If you have an area that’s particularly sore from a previous workout, spend extra time doing exercises using those muscles to drive blood flow into them and promote recovery.

Rebound Training Template

As long as you follow the principles above, you’ll be on the right track to speed up your recovery in between your more intense training sessions. To make it easier to be consistent and to make the workouts as effective as possible, I typically use a template with the same four components:

Breathe and mobilize (5 min)

I like to start most workouts with a few minutes of breathing drills and mobility exercises. These can help develop and reinforce healthier breathing patterns while supporting better mobility.

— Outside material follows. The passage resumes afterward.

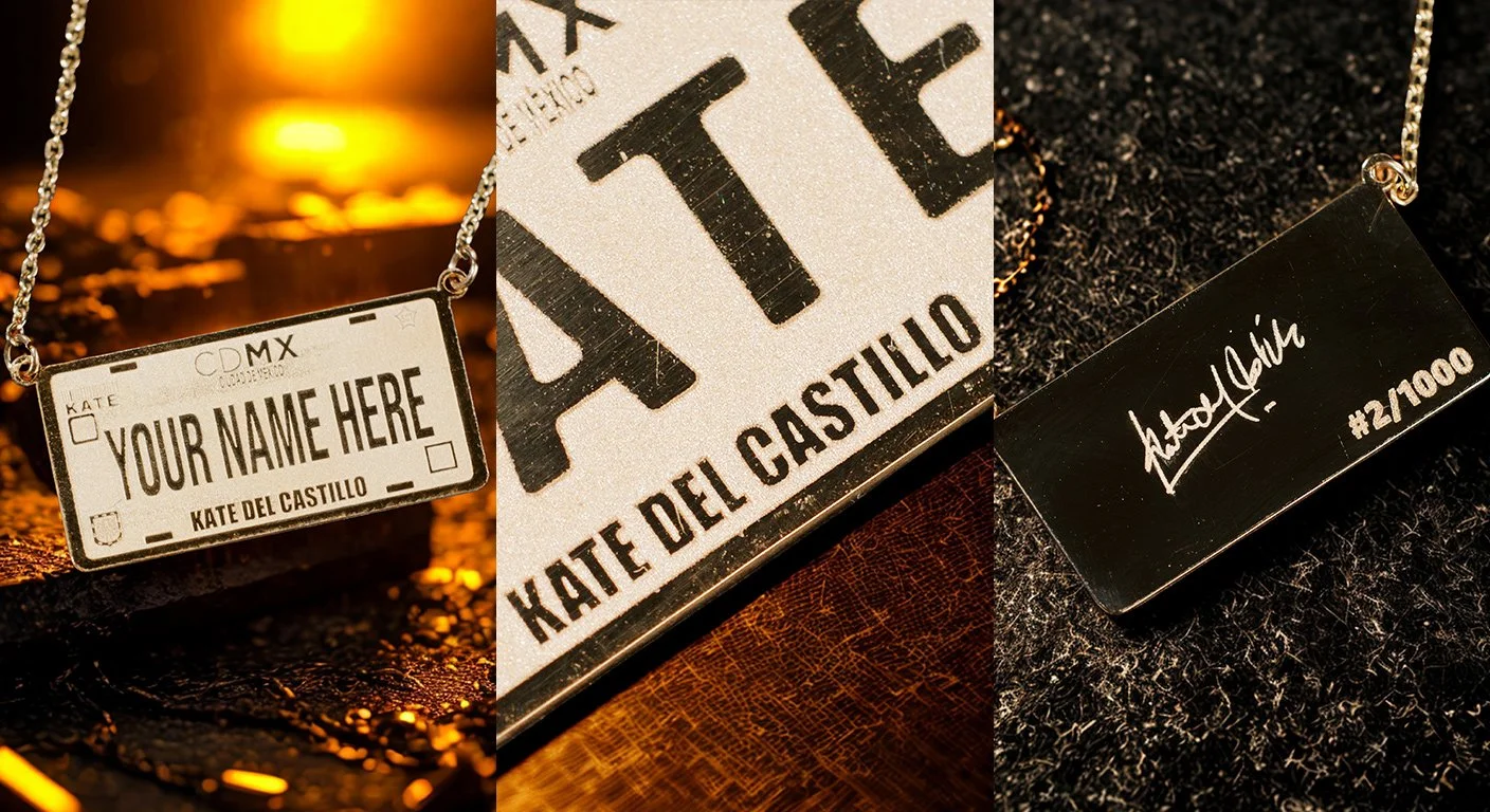 Each piece is designed in the style of a license plate and customised with your name, making it a truly personal expression of identity and style. Sleek, striking, and dripping in star power, it’s a limited edition collaboration with Kate del Castillo - and only 1,000 exist worldwide.

There is a wide variety of types of breathing you can do, but if you’re just starting out and want an easy one, give box breathing a try.

To do it, inhale slowly through the nose for 4-5 seconds. Next, hold your breath for 4-5 seconds before exhaling through your mouth for 4-5 seconds. Finish that cycle with another breath hold for 4-5 seconds before repeating.

After a minute or two of doing breathwork, move on to 2-3 of your favorite mobility drills to finish the warm up.

Recovery zone training (15-20 min)

After the warm up, it’s time to get in the blue zone and ramp your heart rate up. There are a couple of ways you can do this.

The first is simply doing a circuit of a few different exercises. I like to use 3-5 exercises for 60-90 seconds each while keeping heart rates relatively constant when moving from one exercise to another.

The second method is doing what I call high/low intervals in the blue zone.

Here, you’ll keep your heart rate in the middle of the blue for 60 seconds, then drive it up to the top of the blue for 60 seconds, and repeat.

You can choose to switch exercises after each round, or you can do a few rounds in a row with one exercise before moving on. It’s generally valuable to incorporate 3-5 different exercises into the recovery zone training time.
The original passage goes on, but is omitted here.